Source records:
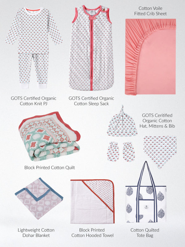 This comprehensive set is thoughtfully curated to provide new parents with everything they need for sleep, bath, and daily essentials - blending practical necessity with timeless Malabar Baby design.
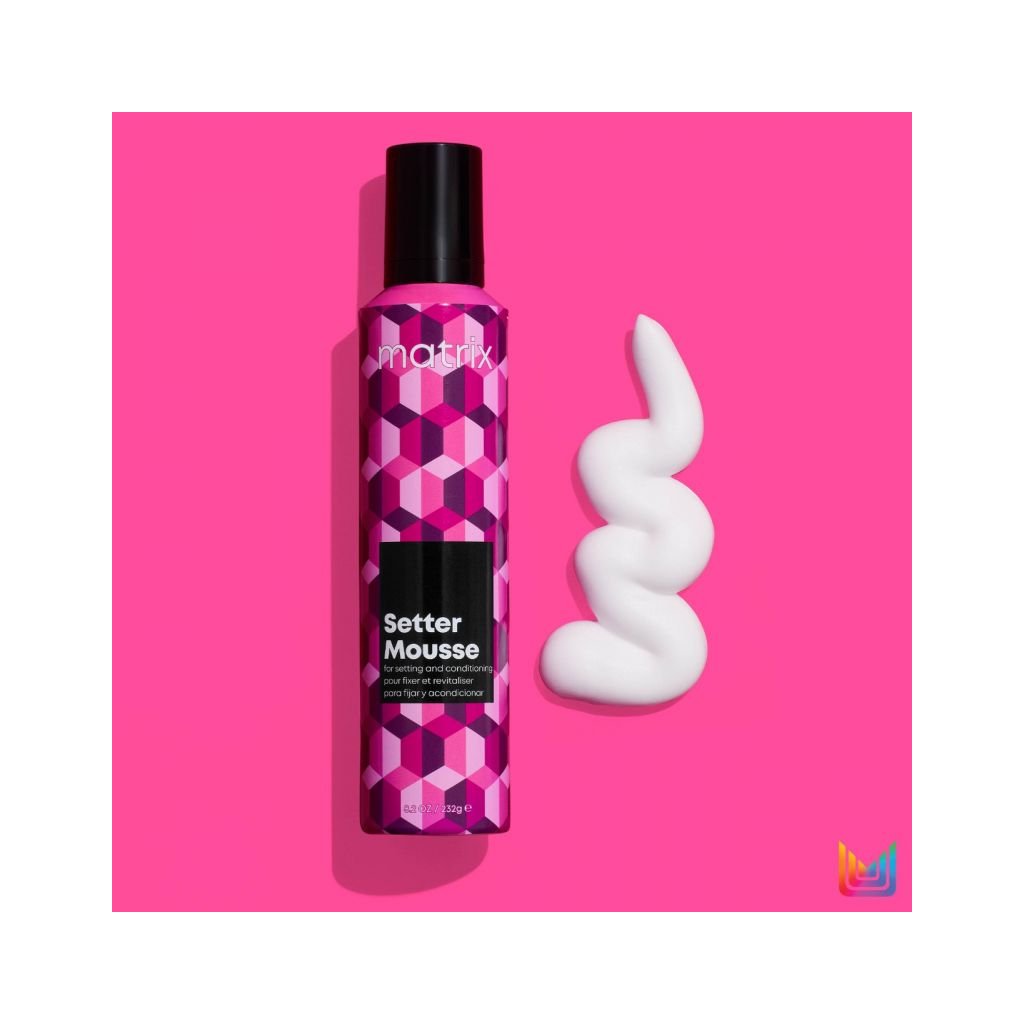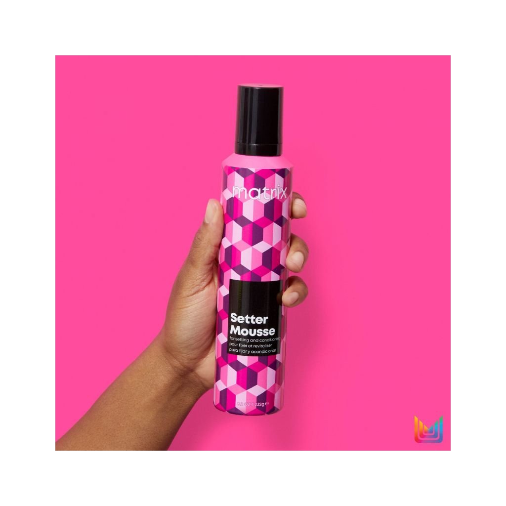 Matrix Setter Mousse je lehounká pěna pro velký objem a lesk. Plně tvárná fixace s dlouhotrvající účesovou pamětí. Veganské složení - bez živočišných derivátů.
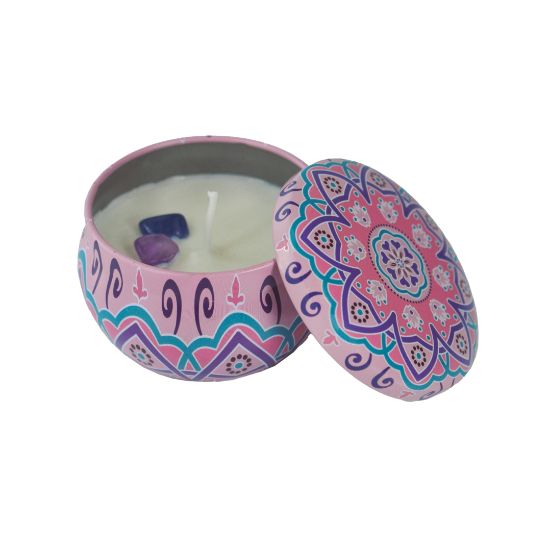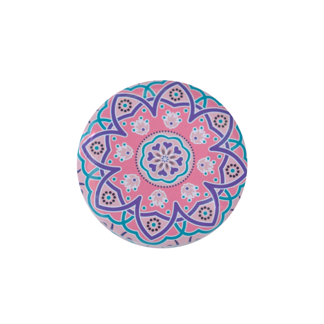 Vela aromática en lata metálica decorada con vibrantes patrones de mandala en tonos rosas y morados. Ideal para crear un ambiente cálido y relajante. Su aroma de Romero es suave y envolvente, perfecto para momentos de meditación y descanso.
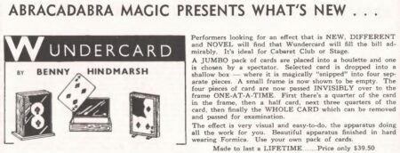 Thanks to an online contact it is likely that this particular version was made by UK builder, inventor, and magician: Benny Hindmarsh, who specialized in a Formica Laminate finish. Hindmarsh sold as a dealer at local UK conventions in the late 1960’s and early 1970’s. Hindmarsh worked closely with Eddie Burke of Magictrix, Stoke-on-Trent who sold a lot of his props in the 1970’s. Later in the late 1980’s and early 90’s Hindmarsh made twenty card ducks for Castle Magic. These were unusual in that the duck was much taller than usual and the box to hold the cards popped up via a spring.
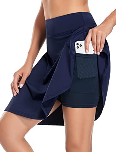🎾With 4 Pockets►4 pockets in this golf skirt with shorts can play different roles. Pockets on the leg to fit tennis balls, 2 side pockets secure to store essentials like phone,card etc.Another waist hidden pocket convenience for you to hold keys, coins and other necessary.
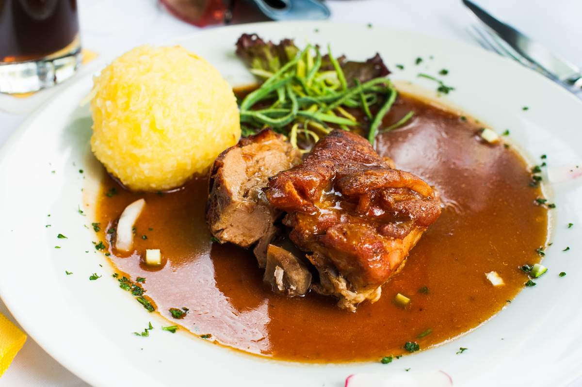 Typisch Thüringer Abendessen im traditionellen Köstritzer Schwarzbierhaus „Zum Güldenen Rade“.
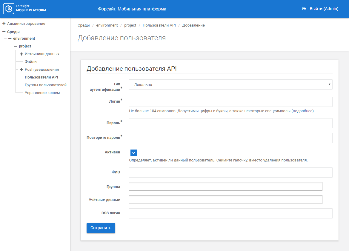 To manage credentials of API users, use the API Users subsection in the selected project:
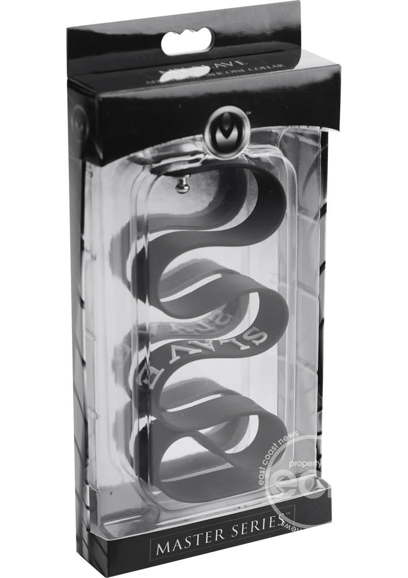 Master Series Silicone Collar Slave Black O/S. Claim your submissive with this high quality silicone collar from the Master Series. This comfortably slender silicone collar is adjustable, to ensure a snug fit. The collar makes the ultimate statement, with the word SLAVE simply stated on the front in raised white silicone letters. Adjustable notch closure in the back. Ideal for a night out, or a naughty BDSM session. Measurements 17.5 inches in total length, 0.75 inch wide. Materials Silicone, metal. Color Black.
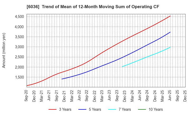 6036 KeePer Technical Laboratory Co., Ltd.: Trend of Mean of 12-Month Moving Sum of Operating CF
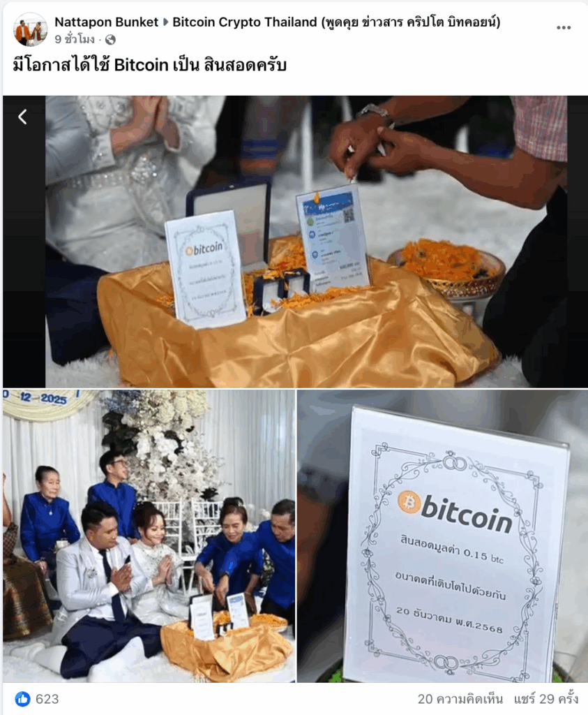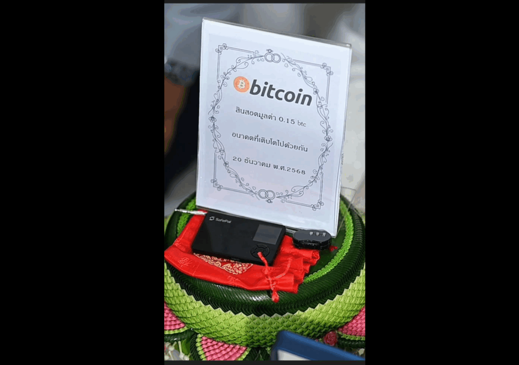 ซึ่งสิ่งที่สะดุดตาที่สุดในพิธีไม่ใช่เพียงแค่ตัวเลข แต่คือป้ายตั้งโชว์สินสอดที่ระบุจำนวน 0.15 BTC พร้อมข้อความลึกซึ้งที่ว่า “อนาคตที่เติบโตไปด้วยกัน”

# REQUIRED WORK:
The response is to contain exactly the lines from the beginning of the data through the line containing "Typisch Thüringer Abendessen", both ends included, and nothing else; omit the pictures.

# REPLY:
 This comprehensive set is thoughtfully curated to provide new parents with everything they need for sleep, bath, and daily essentials - blending practical necessity with timeless Malabar Baby design.
 Matrix Setter Mousse je lehounká pěna pro velký objem a lesk. Plně tvárná fixace s dlouhotrvající účesovou pamětí. Veganské složení - bez živočišných derivátů.
 Vela aromática en lata metálica decorada con vibrantes patrones de mandala en tonos rosas y morados. Ideal para crear un ambiente cálido y relajante. Su aroma de Romero es suave y envolvente, perfecto para momentos de meditación y descanso.
 Thanks to an online contact it is likely that this particular version was made by UK builder, inventor, and magician: Benny Hindmarsh, who specialized in a Formica Laminate finish. Hindmarsh sold as a dealer at local UK conventions in the late 1960’s and early 1970’s. Hindmarsh worked closely with Eddie Burke of Magictrix, Stoke-on-Trent who sold a lot of his props in the 1970’s. Later in the late 1980’s and early 90’s Hindmarsh made twenty card ducks for Castle Magic. These were unusual in that the duck was much taller than usual and the box to hold the cards popped up via a spring.
🎾With 4 Pockets►4 pockets in this golf skirt with shorts can play different roles. Pockets on the leg to fit tennis balls, 2 side pockets secure to store essentials like phone,card etc.Another waist hidden pocket convenience for you to hold keys, coins and other necessary.
 Typisch Thüringer Abendessen im traditionellen Köstritzer Schwarzbierhaus „Zum Güldenen Rade“.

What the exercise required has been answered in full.